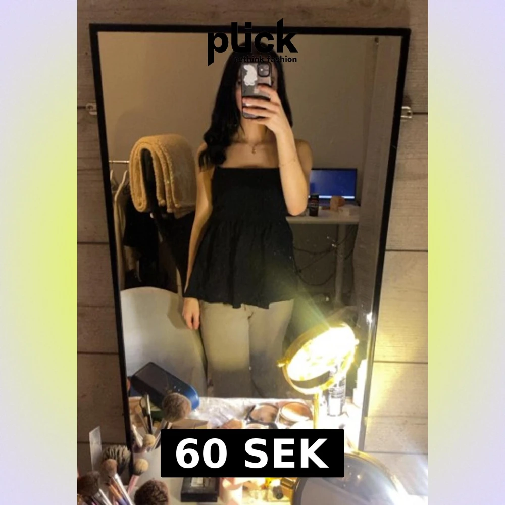 Säljer en svart topp med volang nedtill. Toppen perfekt för dig som gillar en enkel men ändå trendig look. XS
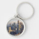 Beskåda av cityscape med fantastiskt ljust rund silverfärgad nyckelring
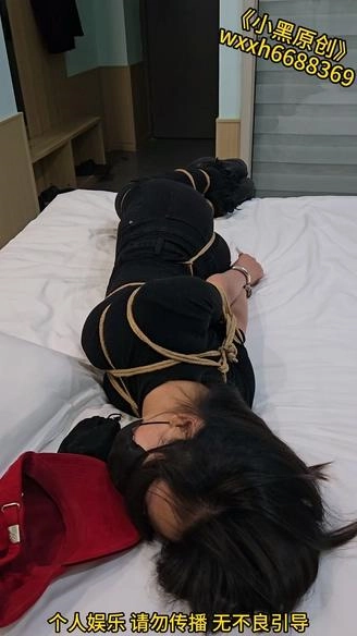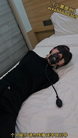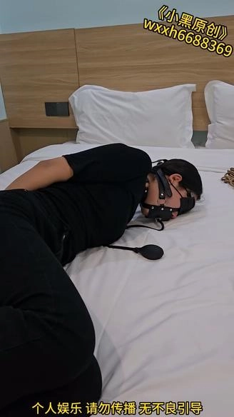 【小黑】大学生背着男朋友来体验捆绑,男朋友在家等她,她说中途有生理反应了,马具充气口塞堵嘴干呕,直臂紧缚挣扎。
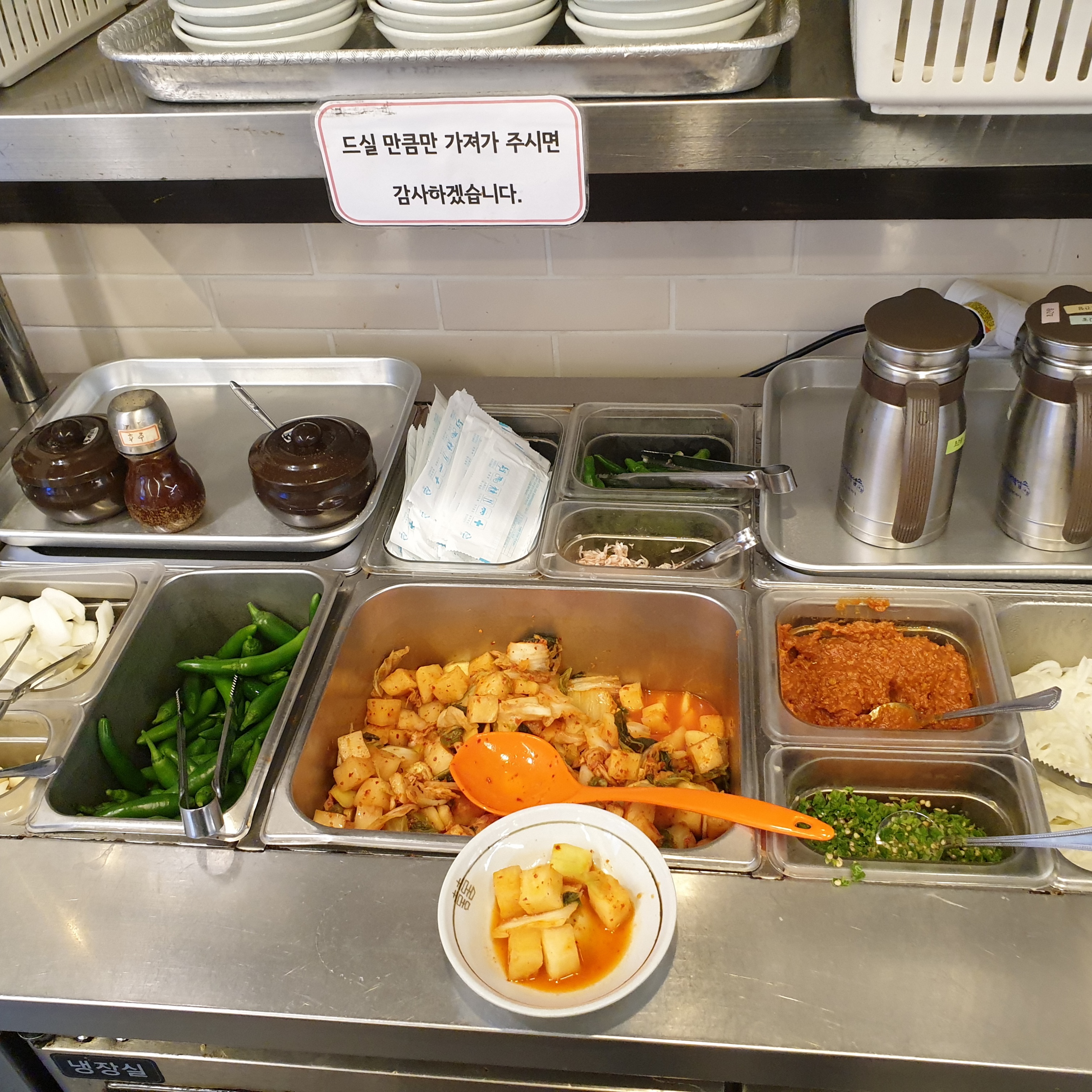 셀프바에는 양파, 마늘, 땡초, 깍두기 등등
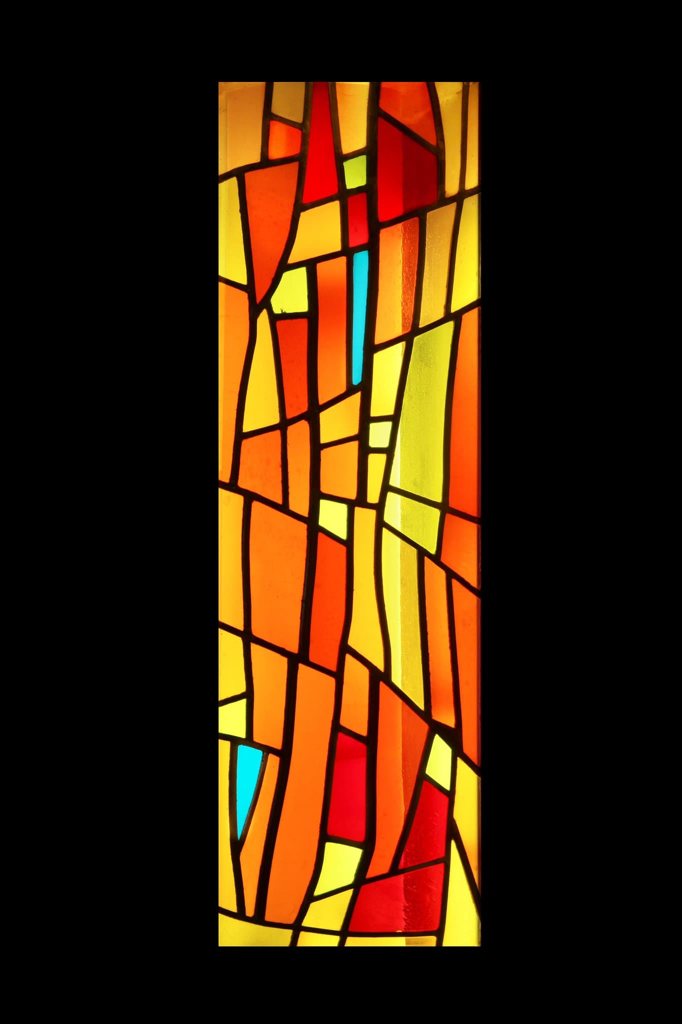 Vitrail non figuratif composé de tons chauds oranges, jaunes et rouges avec des touches de vert et de bleu.

■ ■ ■ ■ ■ ■ ■

▶ [WORK ITEM] What you return should match the records line for line, minus the pictures.

▶ [TASK SOLUTION]
 Säljer en svart topp med volang nedtill. Toppen perfekt för dig som gillar en enkel men ändå trendig look. XS
 Beskåda av cityscape med fantastiskt ljust rund silverfärgad nyckelring
 【小黑】大学生背着男朋友来体验捆绑,男朋友在家等她,她说中途有生理反应了,马具充气口塞堵嘴干呕,直臂紧缚挣扎。
 셀프바에는 양파, 마늘, 땡초, 깍두기 등등
 Vitrail non figuratif composé de tons chauds oranges, jaunes et rouges avec des touches de vert et de bleu.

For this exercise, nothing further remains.